*** RECORDS TO PROCESS

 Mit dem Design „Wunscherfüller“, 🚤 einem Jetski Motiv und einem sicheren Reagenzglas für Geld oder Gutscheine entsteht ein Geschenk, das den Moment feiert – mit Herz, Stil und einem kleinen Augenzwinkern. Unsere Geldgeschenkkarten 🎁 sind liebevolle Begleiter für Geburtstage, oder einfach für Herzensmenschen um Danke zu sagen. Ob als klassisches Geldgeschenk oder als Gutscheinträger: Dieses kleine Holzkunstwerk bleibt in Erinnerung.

******
*** RECORDS TO PROCESS

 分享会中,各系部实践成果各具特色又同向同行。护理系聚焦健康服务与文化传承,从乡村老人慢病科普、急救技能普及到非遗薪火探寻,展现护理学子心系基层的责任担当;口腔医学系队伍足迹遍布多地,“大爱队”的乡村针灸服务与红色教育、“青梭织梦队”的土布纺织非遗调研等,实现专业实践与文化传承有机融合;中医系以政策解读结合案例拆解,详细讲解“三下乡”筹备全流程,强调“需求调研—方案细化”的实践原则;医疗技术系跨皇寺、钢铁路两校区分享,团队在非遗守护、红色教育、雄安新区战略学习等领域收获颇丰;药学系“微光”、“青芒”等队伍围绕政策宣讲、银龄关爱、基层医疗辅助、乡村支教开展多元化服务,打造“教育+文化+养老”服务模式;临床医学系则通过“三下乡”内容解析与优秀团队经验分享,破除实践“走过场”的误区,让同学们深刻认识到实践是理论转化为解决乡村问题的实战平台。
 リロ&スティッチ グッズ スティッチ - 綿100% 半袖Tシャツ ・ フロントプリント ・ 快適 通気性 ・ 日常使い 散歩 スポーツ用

******
*** RECORDS TO PROCESS

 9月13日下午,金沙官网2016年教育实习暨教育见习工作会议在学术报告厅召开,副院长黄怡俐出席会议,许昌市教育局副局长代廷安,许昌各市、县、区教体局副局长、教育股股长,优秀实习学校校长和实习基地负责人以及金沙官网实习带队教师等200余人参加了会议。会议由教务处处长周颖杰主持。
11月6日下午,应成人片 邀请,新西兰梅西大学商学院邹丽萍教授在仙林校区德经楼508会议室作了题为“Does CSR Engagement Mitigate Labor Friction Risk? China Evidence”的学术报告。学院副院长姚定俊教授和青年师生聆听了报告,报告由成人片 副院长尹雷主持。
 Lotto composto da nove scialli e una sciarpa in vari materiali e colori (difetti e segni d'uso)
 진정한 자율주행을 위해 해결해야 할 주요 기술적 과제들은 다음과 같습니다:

******

*WHAT IS REQUIRED*
Extract from the listing above the lines between the line containing "CSR Engagement Mitigate" and the line containing "진정한 자율주행을 위해", keeping both of those lines. Output nothing else.

*ANSWER FOR THIS EXERCISE*
11月6日下午,应成人片 邀请,新西兰梅西大学商学院邹丽萍教授在仙林校区德经楼508会议室作了题为“Does CSR Engagement Mitigate Labor Friction Risk? China Evidence”的学术报告。学院副院长姚定俊教授和青年师生聆听了报告,报告由成人片 副院长尹雷主持。
 Lotto composto da nove scialli e una sciarpa in vari materiali e colori (difetti e segni d'uso)
 진정한 자율주행을 위해 해결해야 할 주요 기술적 과제들은 다음과 같습니다:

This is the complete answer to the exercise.